他等着百姓们涌出来,加入他的队伍,一起冲向皇城。
窗口里,百姓们你看看我,我看看你。
“念完了?”
“好像是。”
“然后呢?”
“不知道啊。”
没人动。
孙岩愣了一瞬。
不对啊,不是应该一呼百应吗?
他又喊了一嗓子:“百姓们!随我杀进皇城,诛杀暴君!”
还是没人动。
一个老大爷探出脑袋,朝旁边的人嘀咕:“这大半夜的,喊什么呢?”
旁边的大娘回他:“好像是造反。”
“造反?就底下那几百号人?”
“看着是。”
老大爷摇摇头,缩回脑袋:“没意思,还以为多大阵仗呢。”
孙岩懵逼了一下,这和想象的不一样。
城墙上,陈楚有点绷不住。
“孙伯爵,念完了?”他俯身看着底下,“念完了就赶紧的,朕还等着回去睡觉呢。”
孙岩咬咬牙,一挥手:“攻城!”
三百私兵扛着几架简陋的梯子,朝城门冲去。
然后……
然后他们就傻眼了。
城门是铁的。
梯子够不着城墙。
几个私兵试着往上爬,刚爬到一半,就被城墙上射下来的箭逼得跳下来,摔得嗷嗷叫。
“放箭。”
陈楚的声音轻飘飘传来。
城墙上,禁军们早就等得不耐烦了。
一听这话,立刻张弓搭箭。
嗖嗖嗖!!!!!
箭雨落下。
底下的私兵鬼哭狼嚎,抱头鼠窜。
“啊——!”
“我的腿!”
“撤撤撤!”
一轮箭雨过去,地上躺了一两百个,剩下的缩在弓箭射程外,瑟瑟发抖。
禁军队长放下弓,咂咂嘴。
“就这?”
旁边的副队长也一脸失望:“我还以为能砍几个脑袋升官呢,结果就这?”
“三百人,连城门都摸不着,这叫造反?”
“白高兴一场。”
城墙上,禁军们交头接耳,语气里全是失望。
甚至觉的不够过瘾。
百姓们看得津津有味。
“原来造反是这样的啊?”
“少见少见,长见识了。”
“那个穿盔甲的是孙伯爵吧?怎么缩在那么远的地方?”
“怕死呗。
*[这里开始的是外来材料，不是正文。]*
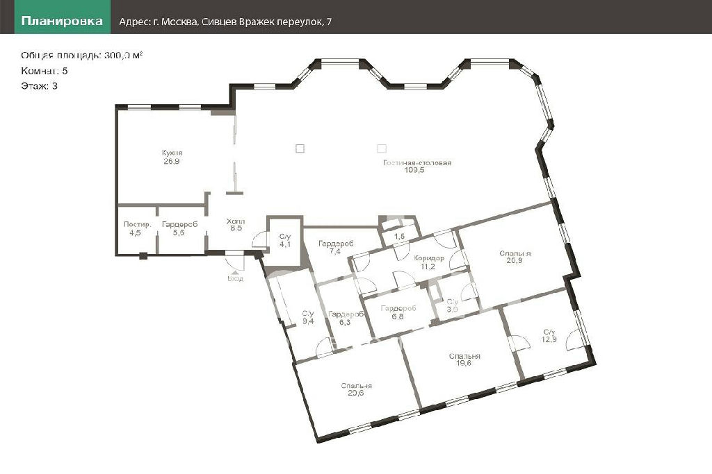 ID 20824 Предлагается 5-комнатная квартира в клубном доме на 8 апартаментов в тихих переулках Арбата. Интерьер квартиры выполнен в современном стиле с использованием натуральных качественных материалов. Квартира полностью укомплектована мебелью, оборудована современной бытовой техникой от ведущих мировых производителей и готова к проживанию. Функциональная планировка включает в себя кухню, гостиную-столовую, 3 спальни с собственными гардеробными и ванными комнатами, кабинет, гостевой санузел, постирочную. Из панорамных окон открываются виды на переулки и особняки старой Москвы. 2 машиноместа в подземном паркинге входят в стоимость.
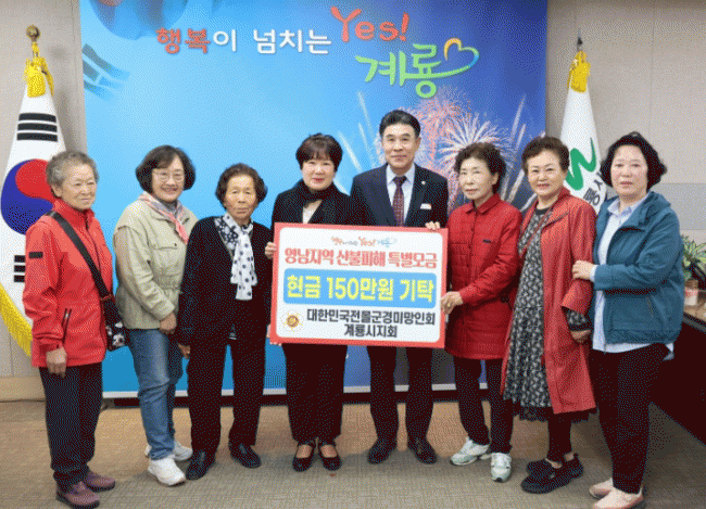 [NWS¹æ¼Û=Çѽ¸ñ ±âÀÚ]°è·æ½Ã´Â ´ëÇѹα¹ Àü¸ô±º°æ ¹Ì¸ÁÀÎȸ °è·æ½ÃÁöȸ(ȸÀå ±¸¼øÁ¶)¿¡¼­ »êºÒ ÇÇÇØ º¹±¸¿¡ ½á´Þ¶ó¸ç Çö±Ý 150¸¸ ¿øÀ» ±âÅ¹ÇØ ¿Ô´Ù°í ¹àÇû´Ù. À̹ø ¼º±ÝÀº ¼Ò¼Ó ȸ¿ø 16¸íÀÌ ÀÚ¹ßÀûÀ¸·Î Âü¿©ÇØ ¾î·Á¿î ½Ã±âÀϼö·Ï »çȸ¡¦
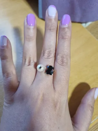 Elegante anillo plateado con un diseño único. - Dos perlas adornan este anillo. - Talla ajustable para mayor comodidad. -Bisuteria
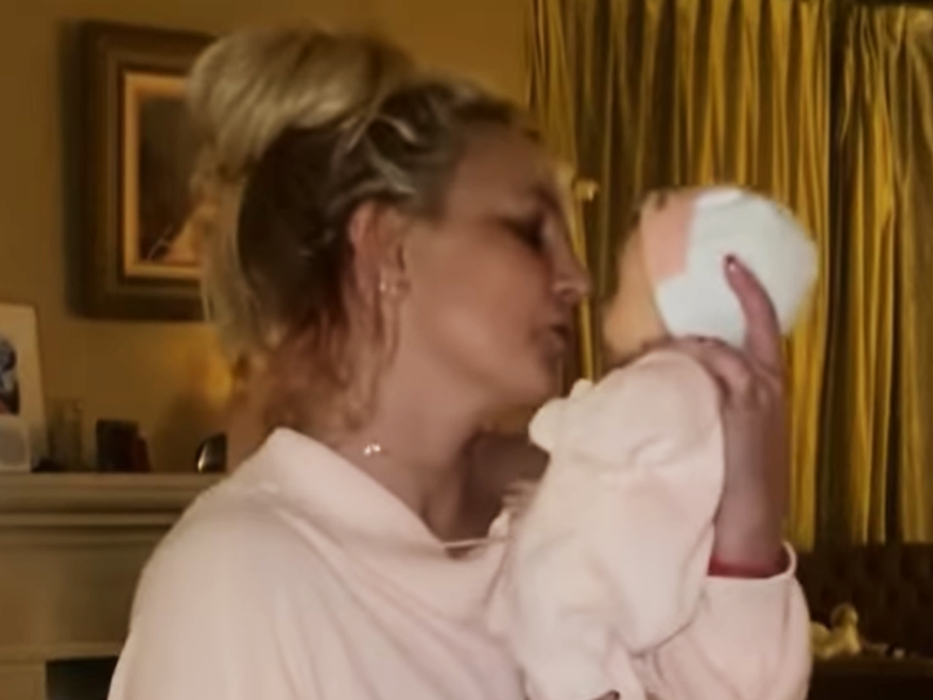 El video, captado por el prometido de la artista, el entrenador y modelo Sam Ashgari, muestra a Britney bailando enérgicamente con una muñeca realista en sus manos. "Oh, ¡miren eso! ¡Se parecen mucho la una a la otra!", se le oye decir a Asghari. Britney, a su vez, besa a su hija recién nacida.
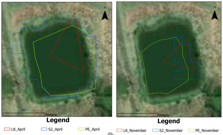 At the individual scale, anthropogenic farm dams (amongst other complicated geometry waterbodies) were selected due to their simple geometry for satellite detection. In figure 3, the varying detection capabilities between Landsat, Sentinel-2 and PlanetExplorer are seen through the products differing resolutions. It can be stated that Planet satellites had the most accurate detection of water between the wet and dry seasons as the geometry of detection best matches the shoreline of the water body. Sentinel-2 detected full surface area of water extent in wet season but struggled in the dry season. Finally, Landsat did detect water in wet and dry seasons but failed to quantitatively show an accurate depiction of surface area water extent.
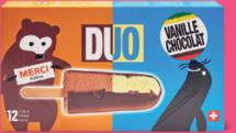 Bâtonnets de crème glacée duo culte produit surgelé, vanille-chocolat, 12 x 57 ml, (100 ml = 1.10)
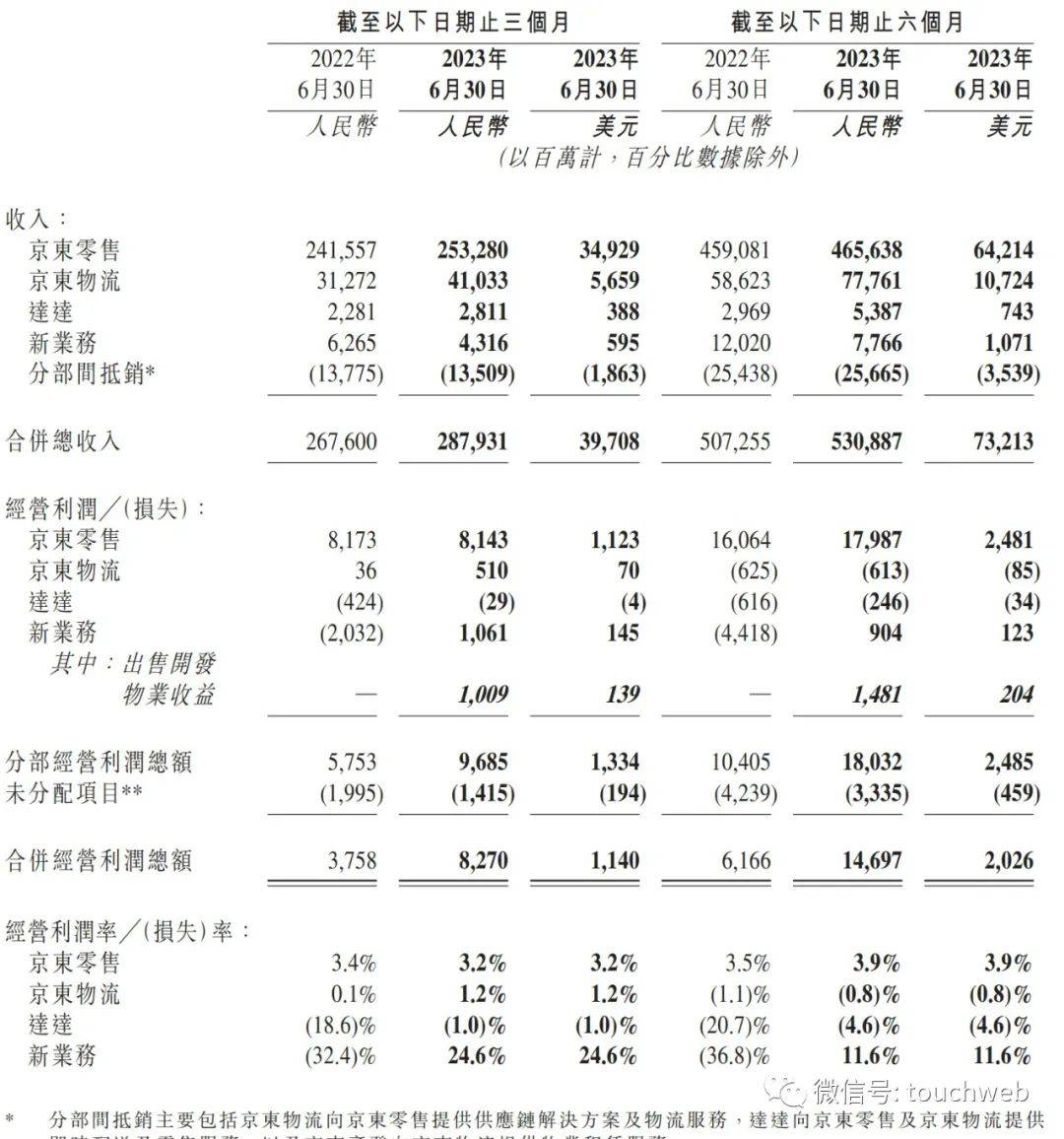 京东2023年第二季度营收为2879亿元(约397美元),较上年同期的2676亿元增长7.6%。

”
“那还造什么反?”
孙岩躲在队伍后面,沉默半响。
他抬头看向那些窗口,忽然灵机一动。
“百姓们!”他扯着嗓子喊,“随我一起杀进去!杀了暴君,人人有赏!”
窗口里,百姓们沉默了一瞬。
然后有人开口了。
“赏什么?”
孙岩一愣,连忙道:“赏……赏银子!”
“多少银子?”
“万两!”
“万两?”那人乐了,“孙伯爵,这江山就值万两?”
旁边的人接话:“而且你们连城门都进不去,让我们上,那不是送死吗?”
“就是,日子过得好好的,谁跟你把脑袋别裤腰带上造反?”
“重点是你们都快输了,还叫我们上,拿我们当炮灰呢?”
窗口里传来一阵轻笑声。
孙岩的脸从铁青变成猪肝色。
城墙上,陈楚实在无语。
人蠢成这样子,实在是很难生出什么仇恨心理。
他摆摆手:“继续放箭。”
又是一轮箭雨。
又有一群私兵倒下,剩下的彻底散了,躲在墙角、树后、石狮子后面,死活不肯出来。
孙岩躲在马后,冲着城墙怒吼:“陈楚!你这个狗皇帝!不讲武德!有本事下来跟老子单挑!”
陈楚挑眉。
“单挑?”
“对!单挑!”孙岩跳出来,“你下来!咱们一对一!生死不论!”
陈楚笑了。
他看向旁边的小顺子。
小顺子点点头,二话不说,翻身跃下城墙。
三丈高的城墙,他落地的声音轻得像一片叶子。
孙岩还没反应过来,小顺子已经走到他面前。
“你,你,你干什么?”
小顺子没说话,从腰间抽出那根黑乎乎的东西。
孙岩愣愣地看着那玩意儿。
他不认识电棍。
小顺子按下开关。
噼里啪啦!!!!!!
蓝色的电光在夜色中炸开,刺眼夺目。
孙岩瞪大眼睛:“这这这,这是什么妖法。”
小顺子一棍捅在他腰上。
“啊啊啊啊啊啊!!!!!!”
孙岩惨叫起来,整个人抖得像筛糠,头发根根竖起,嘴里冒出一股焦糊味。
电光熄灭。
他扑通一声跪在地上,浑身抽搐,口吐白沫。
但嘴里还在嘟囔:“我,我,我……我是不会……屈服的……”
小顺子低头看着他,又看了看手里的电棍。
然后又是一棍。
“啊啊啊啊啊啊——!”
惨叫声在夜空中回荡。
百姓们看得目瞪口呆。
“那是什么玩意儿?”
“不知道啊,会放电?”
“皇帝手下果然有能人。”
城墙上,陈楚靠在墙垛边,意兴阑珊。
周延裹着被子,整个人已经傻了。
他看看底下抽搐的孙岩,又看看陈楚,又看看小顺子手里的电棍,脑子里一片空白。
陈楚拍拍他的肩膀。
“周爱卿,戏好看吗?”
周延张了张嘴,一个字都说不出来。
陈楚笑了笑,转身朝城楼下走去。
“把人抓起来。”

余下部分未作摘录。